Our approach fulfilled the requirement of the collaborating medical researchers. It
led to clinical implications with additional medical data and inspired follow-up research.
However, at the time of research, we could not access the clinical records of the medical
research institution. Since the patient outcome at the hospital played an essential role in
prior work [7], the researchers had to rely on a separate tool to analyze them with the
findings from our tool. Regarding quantitative analyses, we are working on integrating
the clinical records into our framework and adopting additional measures. For instance,
Appl. Sci. 2023, 13, 5241 19 of 21
additional network measures, such as eigen centrality or page rank, could be introduced to
analyze the topology from another perspective. Moreover, additional data could introduce
a subgroup analysis as in the prior work [9] on HAIs. We could divide patients into
subgroups by gender, age, diabetes, or other meaningful factors for stroke treatment.
We are also working on adopting another community detection algorithm. The
Louvain algorithm identified a total of 93 communities in this work. Even though we
introduced interactivity (i.e., brushing-and-linking, zooming, and filtering) in our tool,
communities located near the metropolitan area yielded visual clutter from occlusions.
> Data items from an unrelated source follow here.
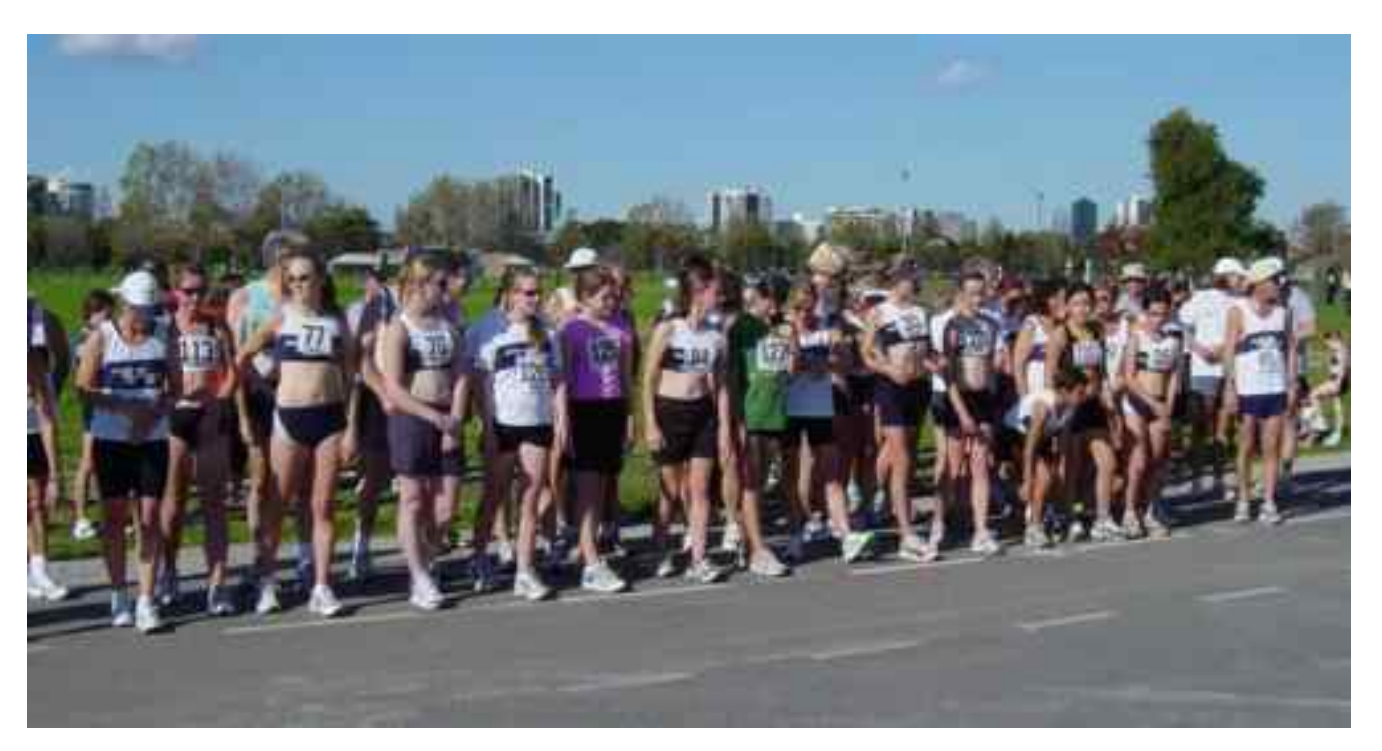
Walkers as far as the eye can see at the start of the Open and Under 15 walks

We had a wonderful turnout of 59 walkers who contested a variety of distances ranging up to 12 km. Given that the AV Country championships were on in opposition this weekend and we were missing quite a number of regulars, that omens well for even bigger fields as the season progresses. The first races at 2:15 saw a huge lineup and part of it is shown in the photo below.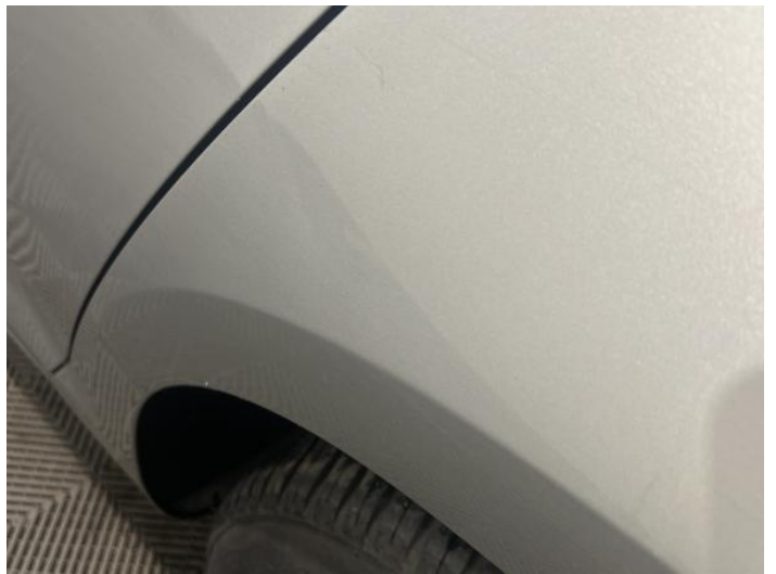
6: Qtr Panel nsr Dented Over 30mm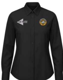
VET Blouse Black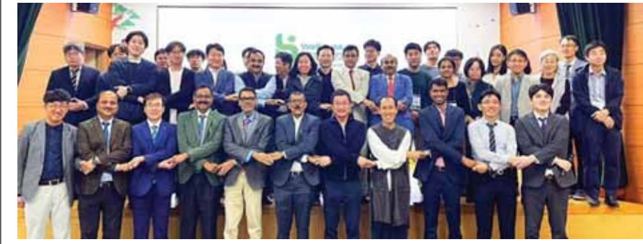
BHU Ayurveda Faculty team in South Korea recently.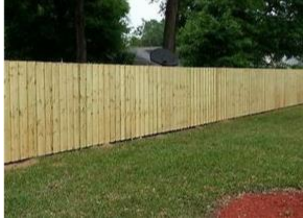
6' screening fence finished side out (allowed) New ordinance allows screen fences in corner side yards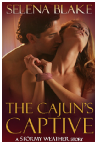
The Cajun's Captive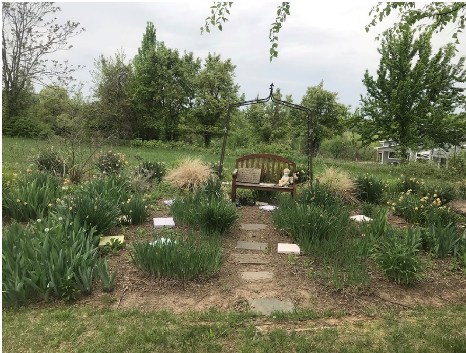
2. Memorial garden, facing north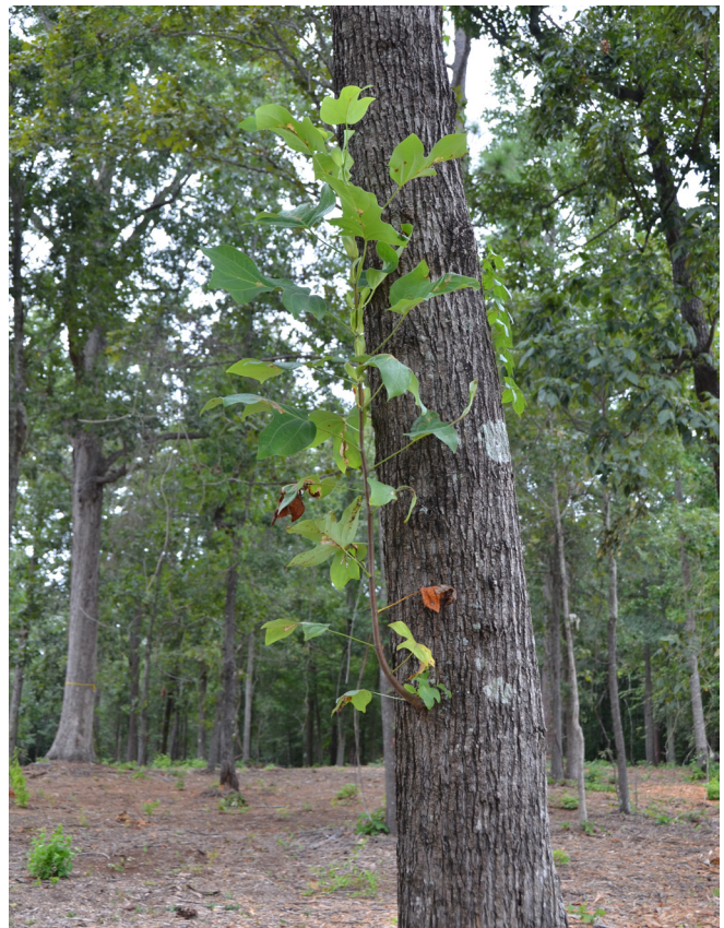
Epicormic branches. Epicormic branches often form on tree trunks after a hardwood stand is thinned. This yellow poplar sprouted an epicormic branch as a result of increased light after a recent thinning.

In abandoned crop lands or in forests where natural seedlings and small trees of desired species are not present, the planting of seedlings or seed may be needed. The most important step in planting is choosing the right species for the site. This choice can make the difference between success and total failure. For wet sites, consider nuttall oak, willow oak, or green ash. For fertile, well-drained sites, consider cherrybark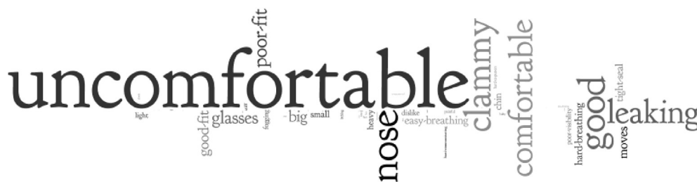
Fig. 1. Word cloud of the comments given by the workers using the respirators when giving the comfort scores. The area taken by each word is proportional to the number of respondents giving that word as a comment. The words included in the word cloud are in alphabetical order: allergic, best, big, breaks, bulky, chin, clammy, comfortable, dislike, easy breathing, elastics, face, fogging, glasses, good, good fit, good visibility, hard breathing, hard communicating, hard talking, hard to put on, hearing protection, heavy, heavy breathing, helmet, hot, itching, leaking, light, moves, neck, nose, not good, ok, painful, poor elastic, poor fit, poor visibility, small, soft, stiff, tight seal, unaccustomed, and uncomfortable.

also been shown in several other studies [15–17,19,21–25]. When it comes to respirators, it is clear that one model or one size does not fit all. The two silicone respirators models that performed best during the fit test and had by far the highest FFs of all the respirators included were available in three sizes, whereas FFABE1P3 and FFP3 respirators were produced in one size only. One of the FFP3 respirator models, Respirator K, the manufacturer specified that it was made for small faces. It had a high pass rate of 76%, being the 5th highest pass rate of the respirators, indicating that although the manufacturer specified that it was made for small faces, it fits other face sizes as well. The percentage of passed tests for the different respirators can be useful information when planning which respirators to include in respirator fit testing campaigns on a similar worker population. Lee et al. [21] screened different respirator models on a selection of 40 health-care workers and only included the two models that performed best in the screening for further fit testing. This approach resulted in a pass rate of 99.6% for the 1850 health-care workers tested with the two retained models. Minimizing the number of different respirator models that are necessary to include in the fit testing program is time efficient. In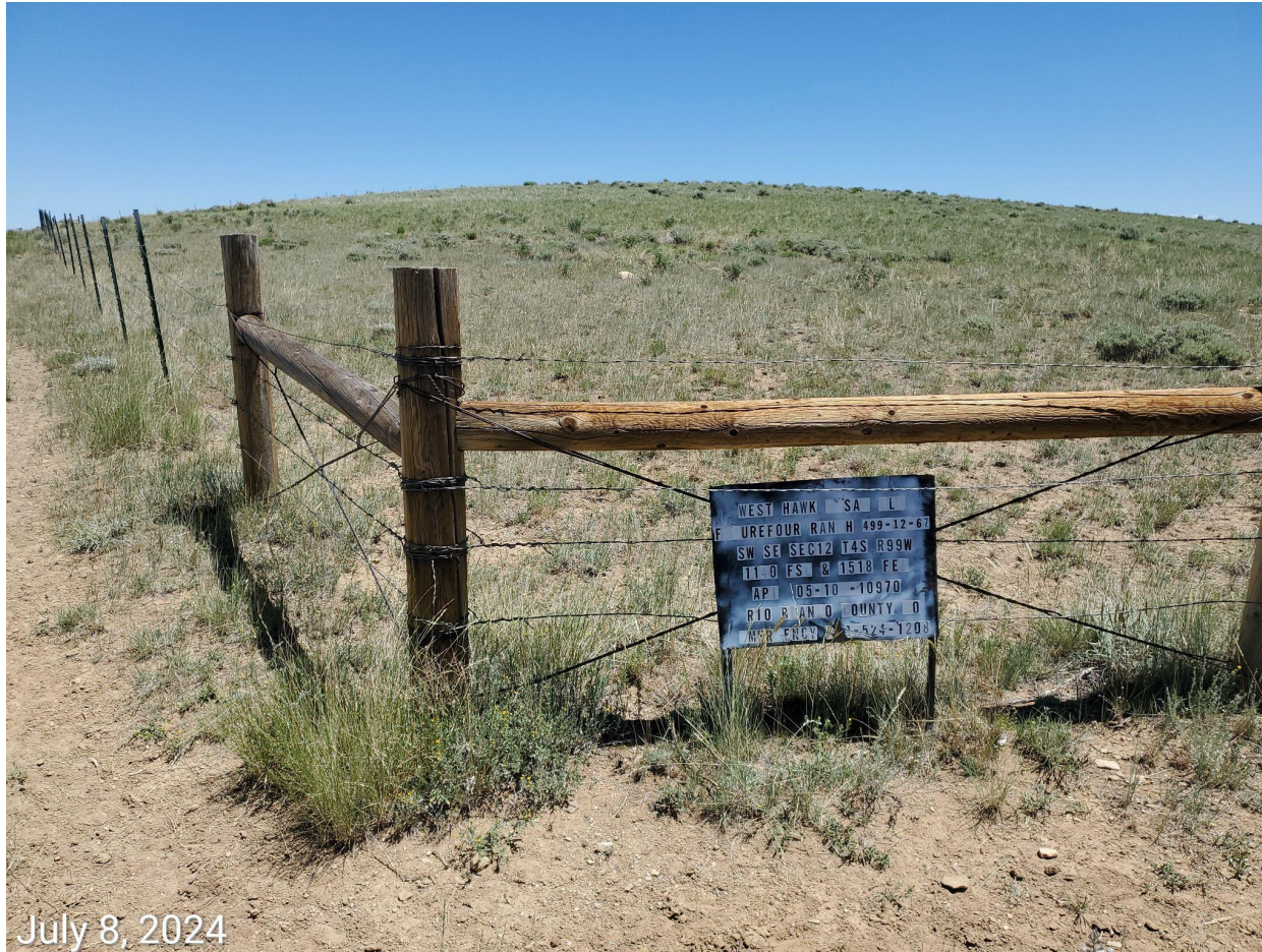
Photo 3: Signage remaining at Locations entrance. Signage requires removal.

Jittering nodes resolved the problem to some extent, but overlapping bubble sets made it
challenging to analyze the clusters in the topology view. Additional efforts on grouping
adjacent clusters using district information and the current patient transfer information
might help mitigate the occlusion problem. A visual comparison of multiple community
detection results would also help determine the appropriate algorithm heuristically. Such
an approach would lead to examining the changes in network structure over time, which
has been a subject of interest in prior work [1,5]. It could also aid in comparing the derived
communities to planned catchment areas for policy making.
One can use our research to analyze hospital networks for cases where interhospital
transfers are inevitable. For instance, patient transfers are prevalent in the emergency
department [31], but some studies reported challenges in arranging interhospital trans-
fers [32,33]. The COVID-19 outbreak has also introduced the need for network analysis.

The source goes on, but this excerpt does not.